In relation to this hegemony of the image within our culture, cymatics arises in 1968, when Hans Jenny gives a name to the representation of sound waves on matter. Outside the strictly scientific sphere or Western culture, this representational attitude already existed before cymatics itself. From Leonardo da Vinci to Asian mandalas, the will to visualize such an ephemeral and abstract thing as sound would have to wait for technological development to achieve a scientific visual translation. And, consequently, grant it legitimacy.

Although numerous contemporary artistic practices have dedicated themselves to dismantling the myth of scientific objectivity, it is also true that many others have chosen to prolong the fascination that surrounds scientific discourse. Generally, prioritizing an aesthetic attitude around technology. With Geometries of the cosmos, Ferran Lega would place art in relation to science in an intermediate position. Assuming the theses of scientific discourse based on cymatics, this installation proposes an aesthetic interpretation in which art does not simply appear as a welcoming context. Geometries of the cosmos is an essay for a visual interpretation of sound away from the centrality of the image. A representation that does not repeat two-dimensional parameters, but rather builds a special acoustic device in which the Universe, like the white cube, rejects the stigma of silence that weighs on it.

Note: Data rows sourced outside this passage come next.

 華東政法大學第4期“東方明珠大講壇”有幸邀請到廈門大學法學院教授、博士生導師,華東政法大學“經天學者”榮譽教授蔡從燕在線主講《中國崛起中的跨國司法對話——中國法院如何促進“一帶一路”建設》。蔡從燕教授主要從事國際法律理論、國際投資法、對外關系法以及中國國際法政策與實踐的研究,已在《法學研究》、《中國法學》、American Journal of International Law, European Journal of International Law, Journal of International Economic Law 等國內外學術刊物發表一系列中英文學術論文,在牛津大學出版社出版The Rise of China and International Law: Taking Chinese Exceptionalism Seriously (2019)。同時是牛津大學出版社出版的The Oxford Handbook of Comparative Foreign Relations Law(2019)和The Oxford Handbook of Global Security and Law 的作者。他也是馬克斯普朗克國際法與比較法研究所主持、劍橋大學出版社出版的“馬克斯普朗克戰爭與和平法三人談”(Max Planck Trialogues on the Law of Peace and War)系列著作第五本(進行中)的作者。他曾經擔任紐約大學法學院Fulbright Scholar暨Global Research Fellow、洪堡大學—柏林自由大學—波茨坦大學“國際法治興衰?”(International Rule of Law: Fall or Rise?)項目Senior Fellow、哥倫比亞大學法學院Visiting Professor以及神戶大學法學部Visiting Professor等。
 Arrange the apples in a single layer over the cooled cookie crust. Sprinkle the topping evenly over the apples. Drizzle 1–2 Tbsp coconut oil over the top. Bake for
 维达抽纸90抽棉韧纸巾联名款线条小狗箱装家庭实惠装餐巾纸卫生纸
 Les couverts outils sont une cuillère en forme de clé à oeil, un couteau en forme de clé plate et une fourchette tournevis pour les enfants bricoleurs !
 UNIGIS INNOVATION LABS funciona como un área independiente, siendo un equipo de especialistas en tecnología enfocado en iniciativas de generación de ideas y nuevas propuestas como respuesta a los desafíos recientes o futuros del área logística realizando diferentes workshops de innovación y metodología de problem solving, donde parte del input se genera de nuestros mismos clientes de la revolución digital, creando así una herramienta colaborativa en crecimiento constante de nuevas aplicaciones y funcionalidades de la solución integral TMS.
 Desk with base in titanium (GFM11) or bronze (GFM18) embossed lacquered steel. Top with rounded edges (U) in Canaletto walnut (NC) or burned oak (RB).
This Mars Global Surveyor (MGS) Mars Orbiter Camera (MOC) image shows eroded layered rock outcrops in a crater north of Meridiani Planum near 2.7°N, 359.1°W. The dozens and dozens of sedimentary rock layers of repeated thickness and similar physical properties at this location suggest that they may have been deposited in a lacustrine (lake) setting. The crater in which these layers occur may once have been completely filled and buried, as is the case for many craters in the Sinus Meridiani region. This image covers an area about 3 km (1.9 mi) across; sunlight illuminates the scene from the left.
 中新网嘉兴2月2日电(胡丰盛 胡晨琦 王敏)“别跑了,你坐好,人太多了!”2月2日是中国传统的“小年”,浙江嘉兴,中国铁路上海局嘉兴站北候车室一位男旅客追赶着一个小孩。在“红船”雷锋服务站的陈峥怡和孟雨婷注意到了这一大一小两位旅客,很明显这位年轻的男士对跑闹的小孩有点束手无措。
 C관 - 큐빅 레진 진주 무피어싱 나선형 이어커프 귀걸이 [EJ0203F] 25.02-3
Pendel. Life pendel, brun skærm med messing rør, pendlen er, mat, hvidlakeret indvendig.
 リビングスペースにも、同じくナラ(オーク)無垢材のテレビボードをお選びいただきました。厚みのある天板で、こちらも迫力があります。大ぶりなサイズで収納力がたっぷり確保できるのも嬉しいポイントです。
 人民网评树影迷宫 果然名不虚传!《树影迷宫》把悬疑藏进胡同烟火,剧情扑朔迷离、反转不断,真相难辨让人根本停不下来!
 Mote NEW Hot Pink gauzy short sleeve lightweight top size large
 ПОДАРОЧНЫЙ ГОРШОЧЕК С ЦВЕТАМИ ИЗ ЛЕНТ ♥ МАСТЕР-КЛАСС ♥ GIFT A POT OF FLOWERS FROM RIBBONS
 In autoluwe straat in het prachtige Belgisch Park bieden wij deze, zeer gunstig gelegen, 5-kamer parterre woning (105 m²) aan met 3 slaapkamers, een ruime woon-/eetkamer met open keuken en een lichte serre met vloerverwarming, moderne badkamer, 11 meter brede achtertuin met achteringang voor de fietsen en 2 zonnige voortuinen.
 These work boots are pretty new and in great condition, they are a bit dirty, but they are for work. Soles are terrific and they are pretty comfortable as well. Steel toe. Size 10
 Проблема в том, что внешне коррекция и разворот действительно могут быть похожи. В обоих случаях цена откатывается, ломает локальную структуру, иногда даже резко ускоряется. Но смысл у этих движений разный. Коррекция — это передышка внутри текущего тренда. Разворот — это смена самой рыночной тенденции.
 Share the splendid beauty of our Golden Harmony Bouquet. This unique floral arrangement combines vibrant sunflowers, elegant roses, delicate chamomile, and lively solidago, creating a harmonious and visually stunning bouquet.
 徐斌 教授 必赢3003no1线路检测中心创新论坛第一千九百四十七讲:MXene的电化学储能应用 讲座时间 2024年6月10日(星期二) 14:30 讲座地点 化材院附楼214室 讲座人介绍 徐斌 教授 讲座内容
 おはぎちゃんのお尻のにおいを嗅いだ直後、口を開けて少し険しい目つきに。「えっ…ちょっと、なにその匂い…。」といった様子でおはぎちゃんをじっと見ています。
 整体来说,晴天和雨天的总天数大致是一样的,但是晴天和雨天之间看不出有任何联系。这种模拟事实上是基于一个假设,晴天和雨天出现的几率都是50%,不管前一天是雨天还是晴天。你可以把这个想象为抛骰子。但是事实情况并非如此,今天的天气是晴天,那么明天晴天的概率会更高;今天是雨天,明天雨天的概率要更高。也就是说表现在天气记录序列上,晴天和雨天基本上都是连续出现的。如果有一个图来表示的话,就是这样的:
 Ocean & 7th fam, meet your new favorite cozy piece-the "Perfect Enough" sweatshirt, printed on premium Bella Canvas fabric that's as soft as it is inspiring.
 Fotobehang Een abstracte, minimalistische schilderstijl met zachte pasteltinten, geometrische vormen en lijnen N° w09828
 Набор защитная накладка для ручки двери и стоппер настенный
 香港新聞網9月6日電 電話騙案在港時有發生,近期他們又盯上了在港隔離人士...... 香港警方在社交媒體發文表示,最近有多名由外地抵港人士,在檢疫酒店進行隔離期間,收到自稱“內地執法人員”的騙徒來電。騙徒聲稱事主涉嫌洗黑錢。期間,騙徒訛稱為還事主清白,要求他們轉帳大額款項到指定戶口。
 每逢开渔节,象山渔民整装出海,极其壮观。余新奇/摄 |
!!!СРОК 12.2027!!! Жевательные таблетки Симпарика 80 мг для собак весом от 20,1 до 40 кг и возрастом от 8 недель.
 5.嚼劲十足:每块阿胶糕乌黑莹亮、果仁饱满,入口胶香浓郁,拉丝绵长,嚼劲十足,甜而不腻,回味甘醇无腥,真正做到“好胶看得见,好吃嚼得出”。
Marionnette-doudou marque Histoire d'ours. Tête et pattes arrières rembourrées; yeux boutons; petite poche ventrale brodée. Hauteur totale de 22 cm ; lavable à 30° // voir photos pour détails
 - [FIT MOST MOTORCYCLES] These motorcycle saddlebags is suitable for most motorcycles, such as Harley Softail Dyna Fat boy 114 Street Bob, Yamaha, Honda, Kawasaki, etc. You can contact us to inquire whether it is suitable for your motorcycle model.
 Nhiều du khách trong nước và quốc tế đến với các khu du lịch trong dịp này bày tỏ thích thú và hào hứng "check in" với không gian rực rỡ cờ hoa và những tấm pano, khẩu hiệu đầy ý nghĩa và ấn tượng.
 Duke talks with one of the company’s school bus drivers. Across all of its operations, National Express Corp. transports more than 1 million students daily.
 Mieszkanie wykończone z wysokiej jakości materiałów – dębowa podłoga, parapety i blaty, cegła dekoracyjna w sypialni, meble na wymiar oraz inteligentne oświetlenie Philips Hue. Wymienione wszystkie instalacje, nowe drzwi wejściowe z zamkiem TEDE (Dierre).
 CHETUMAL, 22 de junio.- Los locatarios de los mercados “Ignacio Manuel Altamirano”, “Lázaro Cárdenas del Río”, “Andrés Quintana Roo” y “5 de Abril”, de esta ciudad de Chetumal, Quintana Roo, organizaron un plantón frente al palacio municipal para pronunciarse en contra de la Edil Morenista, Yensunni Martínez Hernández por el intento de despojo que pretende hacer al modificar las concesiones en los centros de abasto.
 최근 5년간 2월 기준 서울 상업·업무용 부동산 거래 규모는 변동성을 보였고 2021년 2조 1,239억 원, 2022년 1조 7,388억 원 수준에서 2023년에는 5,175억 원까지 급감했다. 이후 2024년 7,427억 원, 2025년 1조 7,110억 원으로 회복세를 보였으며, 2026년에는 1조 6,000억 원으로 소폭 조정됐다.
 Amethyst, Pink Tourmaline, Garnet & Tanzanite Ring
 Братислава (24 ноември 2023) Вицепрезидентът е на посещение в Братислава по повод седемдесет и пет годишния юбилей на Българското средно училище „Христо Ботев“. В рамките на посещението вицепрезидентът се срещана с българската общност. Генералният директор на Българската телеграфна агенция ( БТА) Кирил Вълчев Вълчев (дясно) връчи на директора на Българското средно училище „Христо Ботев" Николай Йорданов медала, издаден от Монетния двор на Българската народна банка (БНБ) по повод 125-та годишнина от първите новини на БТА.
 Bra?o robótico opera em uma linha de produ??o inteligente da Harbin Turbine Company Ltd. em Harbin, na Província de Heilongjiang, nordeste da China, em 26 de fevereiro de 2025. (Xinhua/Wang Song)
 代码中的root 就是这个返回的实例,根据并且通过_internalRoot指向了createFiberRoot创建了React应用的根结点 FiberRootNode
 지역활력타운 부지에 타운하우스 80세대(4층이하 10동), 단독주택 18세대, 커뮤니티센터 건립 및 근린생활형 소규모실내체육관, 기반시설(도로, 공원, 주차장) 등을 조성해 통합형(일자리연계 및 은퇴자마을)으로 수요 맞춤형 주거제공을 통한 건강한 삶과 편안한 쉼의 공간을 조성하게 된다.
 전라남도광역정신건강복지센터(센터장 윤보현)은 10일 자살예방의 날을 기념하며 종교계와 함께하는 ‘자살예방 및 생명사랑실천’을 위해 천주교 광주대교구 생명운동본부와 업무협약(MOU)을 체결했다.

Geometries of the cosmos is also a project that demonstrates the effectiveness of research from the field of art. Part of the doctoral thesis of the same Lega, which, like the scientist, is capable of developing a consistent theoretical work linked to the regime of academic knowledge. Now, unlike the scientist, the artist can allow himself to go further and test a new architecture for knowledge from the aesthetic experience. In this case, the conversion of the exhibition hall into an auditorium of intermittent pulses.

Sonia Fernández P. (Fuga catalogue, Variations on an exhibition).